_INFORMATION SHOWN_
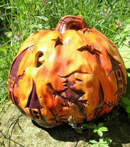 Mal was anderes !!! Dieses tolle ausgefallene Windlicht ist mit einer Hexe bemalt die übre Hexenhäuser fliegt. Ein sehr dekoratives Stück, etwa 22x18 cm
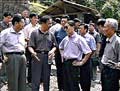由中國國家經(jīng)貿(mào)委主任李榮融率領(lǐng)的中央調(diào)查組,日前前往廣西壯族自治區(qū)南丹縣,調(diào)查當(dāng)?shù)氐V井重大透水事故。圖中左三戴墨鏡者為李榮融。
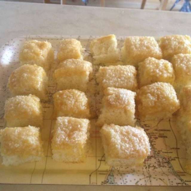 Bred ut krämen över kakan och strö sist på kokos.

_WHAT TO WORK ON_
Leaving out the pictures, output each line above exactly as it is.

_RESPONSE AREA_
 Mal was anderes !!! Dieses tolle ausgefallene Windlicht ist mit einer Hexe bemalt die übre Hexenhäuser fliegt. Ein sehr dekoratives Stück, etwa 22x18 cm
由中國國家經(jīng)貿(mào)委主任李榮融率領(lǐng)的中央調(diào)查組,日前前往廣西壯族自治區(qū)南丹縣,調(diào)查當(dāng)?shù)氐V井重大透水事故。圖中左三戴墨鏡者為李榮融。
 Bred ut krämen över kakan och strö sist på kokos.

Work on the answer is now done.